Одна в Мюнхене, другая в «Зодиаке»… Только я не намерен тонуть в вашей лжи. Ваши поступки говорят о том, что в данном случае ни о какой личной истории речи быть не может. Ваши поступки продиктованы вам другими лицами, и всякий раз, прежде чем приступить к действию, вы дожидаетесь инструкций. Когда я предложил вам место, ваше колебание длилось ровно столько времени, сколько вам потребовалось для получения нужных указаний. Ваша встреча с «приятельницей» была вызвана той же необходимостью. Я не могу заставить вас доверять мне больше, чем вы считаете нужным, но я также не желаю, чтоб вы досаждали мне своей глупой ложью. Вы уже слышали мое решение: завтра получите расчет, и мы с вами распрощаемся.

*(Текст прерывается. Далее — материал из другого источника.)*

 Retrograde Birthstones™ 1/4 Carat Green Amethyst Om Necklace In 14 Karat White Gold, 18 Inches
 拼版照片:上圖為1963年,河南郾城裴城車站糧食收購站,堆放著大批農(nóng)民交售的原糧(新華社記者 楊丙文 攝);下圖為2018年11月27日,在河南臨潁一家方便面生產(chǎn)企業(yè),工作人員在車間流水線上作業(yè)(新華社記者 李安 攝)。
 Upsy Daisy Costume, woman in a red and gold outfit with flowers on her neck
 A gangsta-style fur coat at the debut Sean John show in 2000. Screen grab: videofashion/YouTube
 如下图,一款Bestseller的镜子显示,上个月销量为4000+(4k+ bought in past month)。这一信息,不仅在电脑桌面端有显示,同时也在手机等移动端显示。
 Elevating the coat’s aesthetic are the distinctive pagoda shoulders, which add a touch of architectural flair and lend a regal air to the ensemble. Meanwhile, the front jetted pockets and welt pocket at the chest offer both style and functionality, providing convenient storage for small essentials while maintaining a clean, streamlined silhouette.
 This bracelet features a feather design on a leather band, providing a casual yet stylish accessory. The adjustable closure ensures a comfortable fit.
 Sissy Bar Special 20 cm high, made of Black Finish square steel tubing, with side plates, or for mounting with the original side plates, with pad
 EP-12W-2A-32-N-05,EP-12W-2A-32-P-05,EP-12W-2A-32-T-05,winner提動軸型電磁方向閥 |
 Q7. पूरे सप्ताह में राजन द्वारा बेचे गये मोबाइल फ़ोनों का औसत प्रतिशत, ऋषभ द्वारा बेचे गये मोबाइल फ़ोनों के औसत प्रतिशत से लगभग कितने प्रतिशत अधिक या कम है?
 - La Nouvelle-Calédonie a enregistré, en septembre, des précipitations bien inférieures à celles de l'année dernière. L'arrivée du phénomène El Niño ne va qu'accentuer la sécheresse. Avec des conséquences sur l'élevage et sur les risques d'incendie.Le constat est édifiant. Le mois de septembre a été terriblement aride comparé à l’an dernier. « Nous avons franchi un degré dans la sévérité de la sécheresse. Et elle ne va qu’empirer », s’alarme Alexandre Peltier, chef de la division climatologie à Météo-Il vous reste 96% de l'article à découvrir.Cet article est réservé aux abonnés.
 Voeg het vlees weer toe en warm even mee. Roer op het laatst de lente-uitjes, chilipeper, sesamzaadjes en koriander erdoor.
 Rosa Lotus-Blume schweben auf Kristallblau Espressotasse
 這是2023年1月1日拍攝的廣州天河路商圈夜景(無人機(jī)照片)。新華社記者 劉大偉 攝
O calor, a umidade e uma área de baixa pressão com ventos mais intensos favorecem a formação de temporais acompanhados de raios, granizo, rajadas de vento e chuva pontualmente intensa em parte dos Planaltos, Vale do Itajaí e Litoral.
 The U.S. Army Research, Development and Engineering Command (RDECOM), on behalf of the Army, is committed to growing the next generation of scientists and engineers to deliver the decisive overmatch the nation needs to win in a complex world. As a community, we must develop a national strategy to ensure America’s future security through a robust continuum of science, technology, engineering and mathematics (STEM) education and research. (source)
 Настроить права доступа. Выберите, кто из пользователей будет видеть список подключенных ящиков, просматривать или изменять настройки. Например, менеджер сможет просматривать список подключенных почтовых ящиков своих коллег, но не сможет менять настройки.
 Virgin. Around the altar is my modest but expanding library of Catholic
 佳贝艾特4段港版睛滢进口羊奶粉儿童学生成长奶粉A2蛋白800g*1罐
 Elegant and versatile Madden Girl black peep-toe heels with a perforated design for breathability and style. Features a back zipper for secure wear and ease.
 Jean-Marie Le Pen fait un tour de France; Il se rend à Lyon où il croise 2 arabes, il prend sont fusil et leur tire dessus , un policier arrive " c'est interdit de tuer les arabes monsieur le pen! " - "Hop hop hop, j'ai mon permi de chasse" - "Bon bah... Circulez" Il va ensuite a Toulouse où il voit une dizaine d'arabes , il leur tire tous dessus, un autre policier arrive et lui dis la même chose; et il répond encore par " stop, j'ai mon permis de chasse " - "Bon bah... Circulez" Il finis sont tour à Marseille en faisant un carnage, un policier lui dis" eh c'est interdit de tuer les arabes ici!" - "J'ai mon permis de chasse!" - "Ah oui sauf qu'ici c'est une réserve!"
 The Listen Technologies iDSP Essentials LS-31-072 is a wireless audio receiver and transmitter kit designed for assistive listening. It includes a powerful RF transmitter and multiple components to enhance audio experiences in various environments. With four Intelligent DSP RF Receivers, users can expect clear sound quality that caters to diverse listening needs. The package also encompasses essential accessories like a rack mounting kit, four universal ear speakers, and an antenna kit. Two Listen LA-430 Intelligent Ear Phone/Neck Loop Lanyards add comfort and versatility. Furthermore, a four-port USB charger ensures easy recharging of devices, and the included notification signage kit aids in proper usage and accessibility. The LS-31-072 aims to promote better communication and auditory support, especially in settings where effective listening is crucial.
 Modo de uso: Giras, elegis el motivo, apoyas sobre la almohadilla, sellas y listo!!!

– Но я не хочу с вами расставаться… вы мне нужны… –

протестует вполголоса Эдит, обернувшись в мою сторону.

– И вы мне нужны… – бормочу я.

В тот момент, когда женщина обернулась ко мне, ее лицо оказалось в одной пяди от моего. Я чувствую ее взволнованное дыхание, вижу вздымающуюся грудь – на мой взгляд, ей нет нужды прибегать к такому средству, грудь у нее и без того впечатляющая.

– Я охотно рассказала бы вам все, но не смею… –

шепчет она, ловя меня за руку.

– Почему? Вы косноязычием не страдаете.

– Потому, что здесь тайна… как вы сами догадались…

эта тайна не только моя… она вообще не моя…

– Ладно. Не стану вас неволить. Однако согласитесь, я не могу быть связан с человеком, у которого есть тайные намерения в той области, которая меня кормит.

В неясном для меня порыве Эдит жмет мне руку и говорит с мольбой в голосе:

– Обещайте хотя бы, что вы никому не расскажете…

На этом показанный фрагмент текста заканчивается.